En el fondo, hemos pasado en Chile desde una modernización trunca a una


integración precaria[27]. La importante reducción de la pobreza que hemos
conseguido ha dado paso a formas inestables de integración social. Muchos
salen de la pobreza, pero la probabilidad de volver a caer en ella es
significativamente más alta que otrora. No basta con la simple expansión del
polo dinámico -hoy llamado moderno, antes civilizatorio- como estrategia
adecuada para que nuestro país y su sistema regional enfrenten con éxito los
desafíos futuros.

Las identidades territoriales

Todo grupo humano que comparte un territorio y, sobre esa base, consolida
unas relaciones sociales, económicas y culturales, o sistema de vida, tiende a
generar tradiciones, intereses comunitarios y sentimientos de arraigo. La
vinculación subjetiva con ese territorio depende, a su vez, del grado de
integración o aislamiento respecto de la sociedad mayor que dicha localización
y recursos asociados hacen posible.

Comunidad “cero”

Las identidades sociales territoriales tienen, entonces, soporte en ciertos


intereses territoriales conectados con el hecho de compartir un hábitat y un
sistema de vida y costumbres locales. Dichos intereses son progresivamente
inclusivos: interés en el hábitat, como sustento material de la vida, e interés en
la mantención de los sistemas de vida locales. Puede existir el primero sin el
segundo, pero no viceversa.

En el primer caso, estaríamos frente a una comunidad “cero” o mínima. Más


allá de sus conflictos e, incluso, de cierto grado de desintegración interna, los
miembros del grupo comparten un interés objetivo en la conservación de los
sistemas naturales y calidad material del hábitat del que depende su
supervivencia y calidad de vida.

En el segundo caso, las identidades son más desarrolladas e incluyen los


sentimientos de arraigo a las costumbres y patrimonios intangibles del grupo.
Por cierto, ello presupone interés en el cuidado del hábitat. Pero en este segundo
caso de arraigos más fuertes, debemos distinguir entre dos variantes: la primera
nacida del aislamiento social; y la segunda, del ejercicio de las preferencias de
las personas.
Comunidad “por aislamiento”

El aislamiento social, que puede ser geográfico o por condiciones


socioeconómicas, y que no pocas veces presenta ambas dimensiones, sea en
áreas rurales o en vecindarios urbanos, suele dar lugar a identidades territoriales
que son, al mismo tiempo, fuertes e inestables. En estas comunidades
predomina el aislamiento físico, el social o ambos, y suelen formarse lazos
sociales y un sentido de arraigo comunitario con más rapidez.
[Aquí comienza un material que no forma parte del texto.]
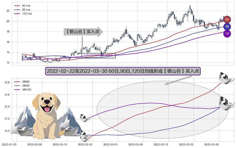 ⚀ 2022-02-23-日至2022-03-30-日显现 60日-90日-120日均线 【银山谷】买入点 看多信号,后市看涨,买入

Los grupos humanos enfrentados a condiciones de pobreza rural o urbana viven


típicamente esta situación. La ayuda mutua y su máxima de “hoy por ti, mañana
por mí” se vuelven dominantes y recursos sociales críticos. Las personas
manifiestan una fuerte identidad e incluso, a veces, un palmario sentido de
orgullo con su barrio o localidad. Pero este capital social puede adoptar formas
negativas, como es el caso de los guetos urbanos o de las redes criminales de
base territorial.

El abandono de la localidad tan fuertemente defendida, suele ser consecuencia


de que surja alguna oportunidad de trabajo o desarrollo personal en otro lugar.

Comunidad “por opción”

En contraposición, cuando el aislamiento es menor, esos lazos locales y el


arraigo se forman más lentamente. A veces nunca llegan a ser demasiado
fuertes. Se trata de comunidades formadas por la suma de voluntades
personales. La podemos denominar comunidad por opción, y describirla como
aquella en que las identidades sociales territoriales, o arraigo, tienen un carácter
más genuino y estable.

La comunidad de arraigo por opción típicamente provee a sus miembros de


condiciones mínimas de seguridad, apoyo afectivo y social, todo ello sin que
implique niveles de control social limitantes para el desarrollo de las personas,
como es habitual en comunidades primarias, en que el arraigo está alimentado
por el aislamiento social.

La integración de una comunidad territorial con la sociedad puede adoptar


muchas formas, las que influyen en el tipo específico y fuerza de las identidades
territoriales. Además, las personas despliegan estrategias individuales de
integración y no tan solo grupales, como la migración o el relativo aislamiento
en su propia vida (y ensimismamiento sicológico).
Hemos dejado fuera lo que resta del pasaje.